Unit 8: Inference for Categorical Data: Chi-Square

Chi-Square Test for Goodness-of-Fit

• Goodness-of-Fit: Evaluate the fit of a theoretical distribution to observed data.
• Null Hypothesis: The given theoretical distribution correctly describes the situation.
• Chi-Square Statistic (𝜒²): Measures the sum of weighted differences between observed and expected frequencies.
  • The smaller the 𝜒²-value, the better the fit.
  • P-value: Probability of obtaining a 𝜒²-value as extreme as the one observed if the null hypothesis is true.
  • A large 𝜒²-value indicates a poor fit and leads to rejecting the null hypothesis.
• Chi-Square Distribution:
  • Nonnegative values, not symmetric, skewed to the right.
  • Different distributions for different degrees of freedom (df).
  • Larger df results in a distribution closer to normal.

Example 8.1

• Scenario: Distribution of liquor stores across four city regions.
• Hypotheses:
  • H₀: Liquor stores are distributed according to region area percentages.
  • Hₐ: Distribution differs from region area percentages.
• Procedure: Chi-square test for Goodness-of-fit.
• Checks:
  • Random sample and expected values > 5.
  • Sample size < 10% of population.
• Calculation: 𝜒² = 6.264, P = 0.099.
• Conclusion: P > 0.05, insufficient evidence to reject H₀.
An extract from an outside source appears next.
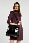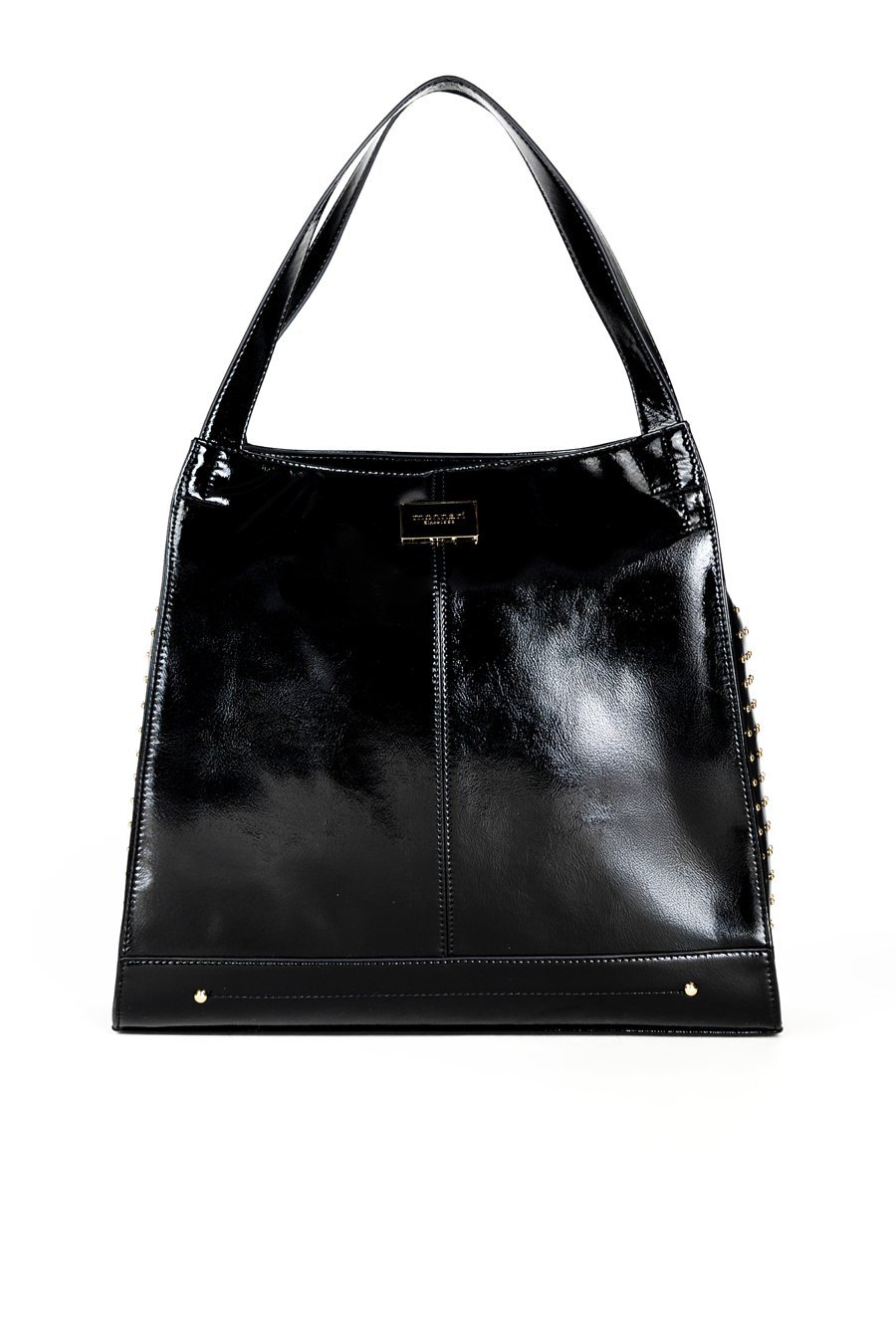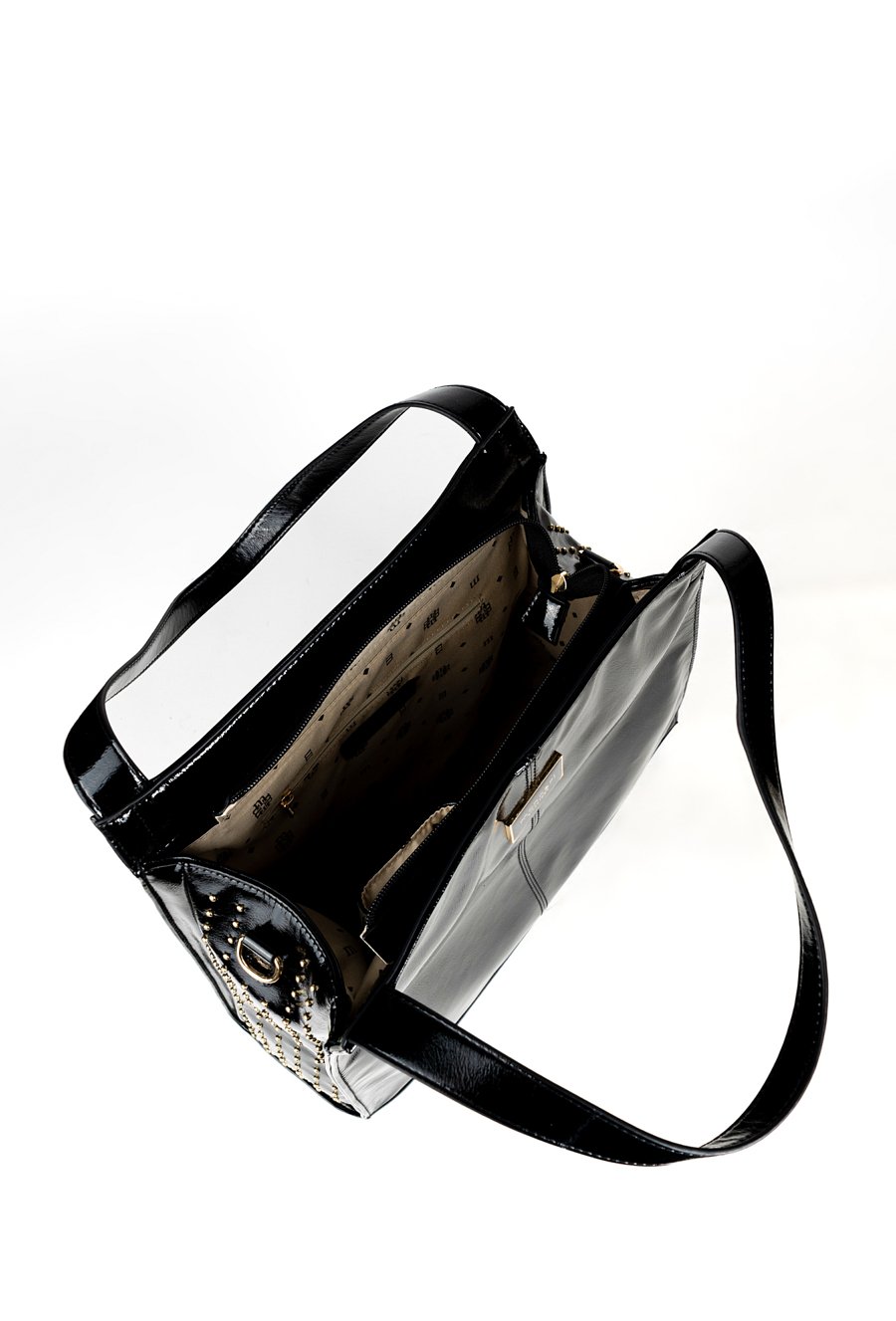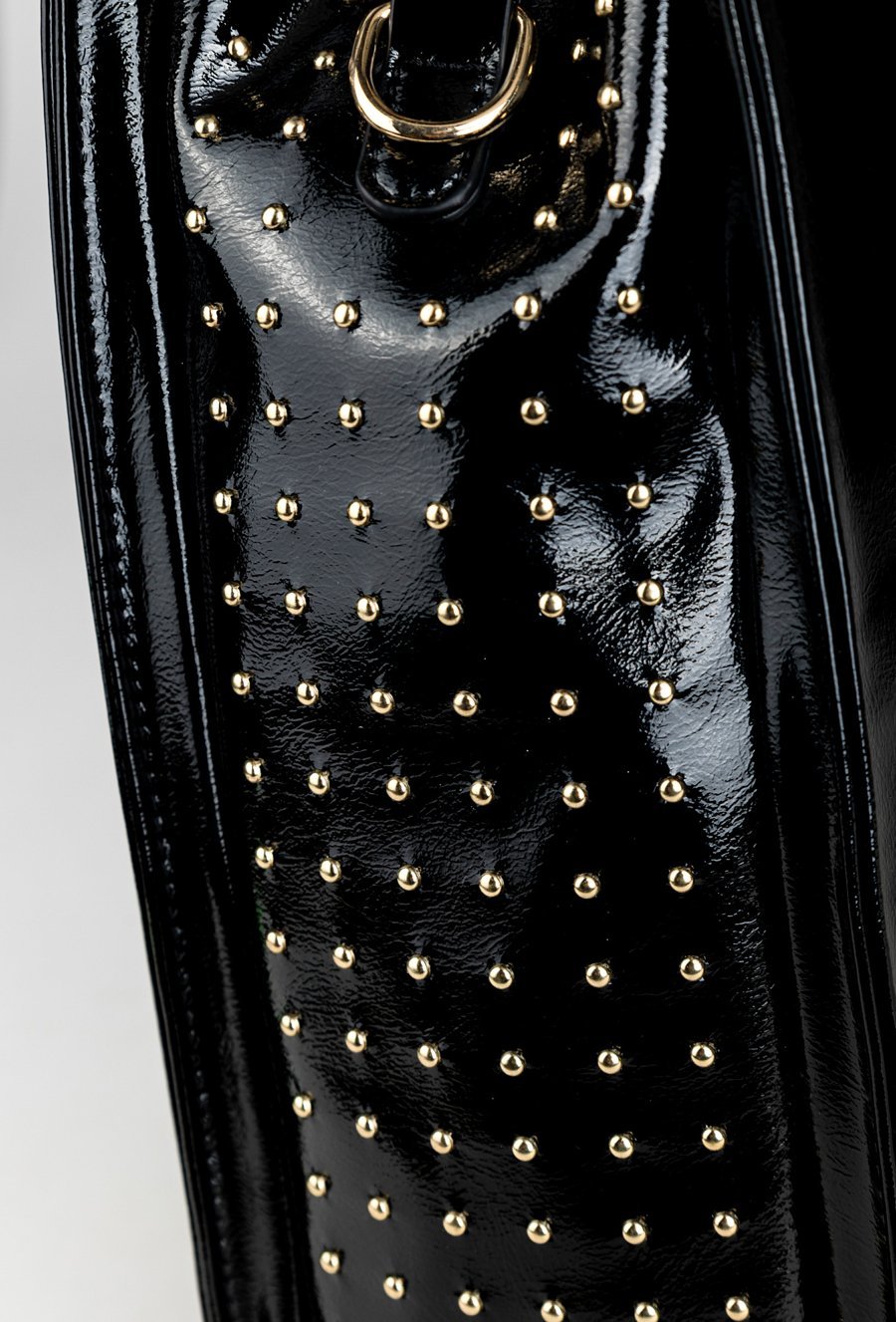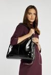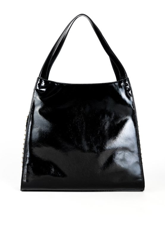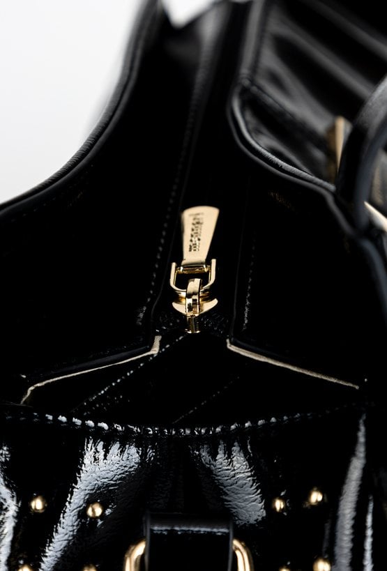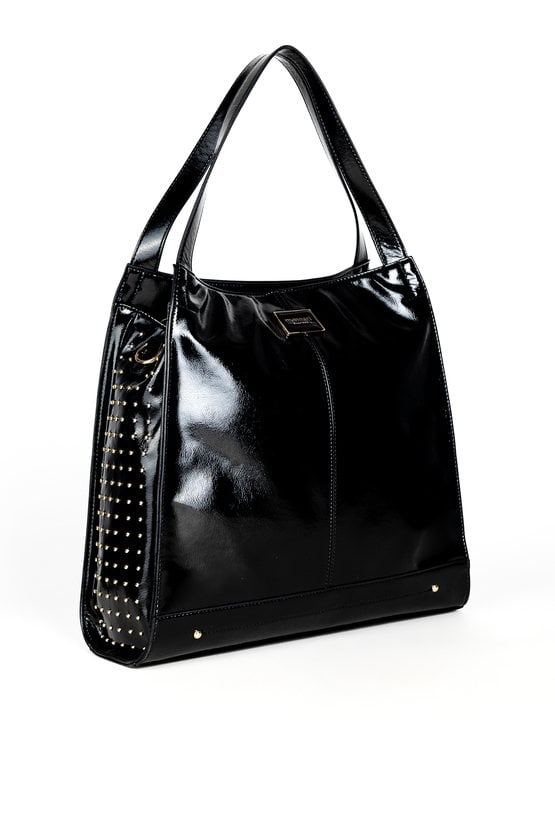 Duża torba damska zapinana na suwak, łącząca praktyczność z modowym akcentem. Jednokomorowe wnętrze wykończone jasną, logowaną podszewką, wyposażone zostało w dodatkowe kieszonki, które ułatwiają organizację codziennych drobiazgów. Model zawieszony na wygodnych rączkach, z dodatkowym regulowanym paskiem w zestawie, umożliwiającym noszenie na ramieniu. Subtelne ćwieki umieszczone po bokach nadają torbie wyrazistego charakteru i nowoczesnego stylu. Torbę należy przechowywać w dołączonym woreczku. Wymiary: 33,5 cm x 35 cm x 12 cm.

Chi-Square Test for Independence

• Test of Independence: Determine if there is a significant association between two categorical variables.
• Null Hypothesis: The two classifications are independent.
• Degrees of Freedom (df): Calculated as (number of rows - 1) * (number of columns - 1).
• Limitations: Even if independence is rejected, causality cannot be assumed.*

Example 8.2

• Scenario: Relationship between party affiliation and support for marijuana legalization.
• Hypotheses:
  • H₀: Party affiliation and support are independent.
  • Hₐ: Party affiliation and support are not independent.
• Procedure: Chi-square test for independence.
• Checks:
  • Random sample, n < 10% of the population, expected cells > 5.
• Calculation: 𝜒² = 94.5, P = 0.000.
• Conclusion: P < 0.05, sufficient evidence to reject H₀.

Chi-Square Test for Homogeneity

• Test for Homogeneity: Compare samples from two or more populations regarding a single categorical variable.
• Conditions:
  • Samples must be simple random samples.
  • Samples should be independent.
  • Large populations relative to sample sizes.
  • Expected values > 5.

Example 8.3

• Scenario: Job satisfaction among school employees.
• Hypotheses:
  • H₀: Job satisfaction is the same across job categories.
  • Hₐ: At least two categories differ in job satisfaction.
• Procedure: Chi-square test for homogeneity.
• Checks:
  • Independent random samples, expected cells > 5, samples < 10% of populations.
• Calculation: 𝜒² = 8.707, P = 0.0335.
• Conclusion: P < 0.05, sufficient evidence to reject H₀; job satisfaction differs across categories.